Partners Joe Desmond and Lauren Cincotta recently obtained a directed verdict on behalf of a licensed practical nurse employed by our nursing home client, a charitable corporation, after a nine day jury trial in Suffolk Superior Court.
The plaintiff alleged that the LPN failed to administer an anti-epileptic drug, Keppra, in accordance with the in accordance with the neuro oncologist’s orders to taper the Keppra dosage on June 18th, 21st, and 22nd, 2018, which caused a major seizure resulting in a fatal cardia arrhythmia on June 23. The defense of the LPN as to liability was essentially that other unnamed employees of the charitable entity transcribed the orders incorrectly (or at least ambiguously) to the medication administration record causing the missed doses.

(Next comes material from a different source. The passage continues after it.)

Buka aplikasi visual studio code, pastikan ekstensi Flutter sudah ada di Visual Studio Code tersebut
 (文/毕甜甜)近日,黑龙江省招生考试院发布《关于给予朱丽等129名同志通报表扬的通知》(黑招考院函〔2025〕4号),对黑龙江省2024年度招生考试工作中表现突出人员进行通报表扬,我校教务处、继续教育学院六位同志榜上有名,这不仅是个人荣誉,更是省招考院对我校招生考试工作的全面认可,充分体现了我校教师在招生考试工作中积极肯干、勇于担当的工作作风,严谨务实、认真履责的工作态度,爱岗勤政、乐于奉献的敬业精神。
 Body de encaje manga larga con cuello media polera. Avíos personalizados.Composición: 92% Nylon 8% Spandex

The plaintiff’s causation expert, a neurologist, testified prior to the testimony of the plaintiff’s standard of care expert. Accordingly, his testimony was received de bene in the form of a hypothetical question that asked him to assume that the standard of care expert would testify that the LPN failed to administer the doses of Keppra in breach of the standard of care on three occasions. Assuming those facts, the neurologist testified that those failures were the cause of the resident’s seizure and fatal arrhythmia resulting from a subtherapeutic level of Keppra.
Cross examination of the standard of care expert established that the error on the 18th was made in the transcription of the medication order by another nurse—not the named defendant. The plaintiff sought to provide additional testimony outside the expert disclosure in an attempt to prove that the defendant nurse was aware of the correct order, and that the failure remained a breach of the standard of care with respect to the failure on the 18th. At defendant’s request, the Court conducted a voir dire of the expert to decide on the admissibility of the proffer. Finding the testimony beyond the scope of the expert disclosure, the expert was not permitted to provide further testimony.

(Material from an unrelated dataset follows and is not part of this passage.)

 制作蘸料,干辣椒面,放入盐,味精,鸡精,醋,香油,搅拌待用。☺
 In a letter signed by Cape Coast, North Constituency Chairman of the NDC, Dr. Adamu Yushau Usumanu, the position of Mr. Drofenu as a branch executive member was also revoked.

After the plaintiff rested, the defense moved to strike the testimony of the causation expert on the grounds that the opinion testimony could not stand in light of the absence of facts that were assumed in the hypothetical, ie, that there were 3 missed doses of Keppra that violated the standard of care. The defense argued that there was a complete failure of expert testimony to establish that two missed doses was sufficient to cause the subtherapeutic level of Keppra that caused the fatal seizure as that question was never posed to the doctor during trial. After striking the testimony, the Court directed a verdict in favor of the defendant nurse.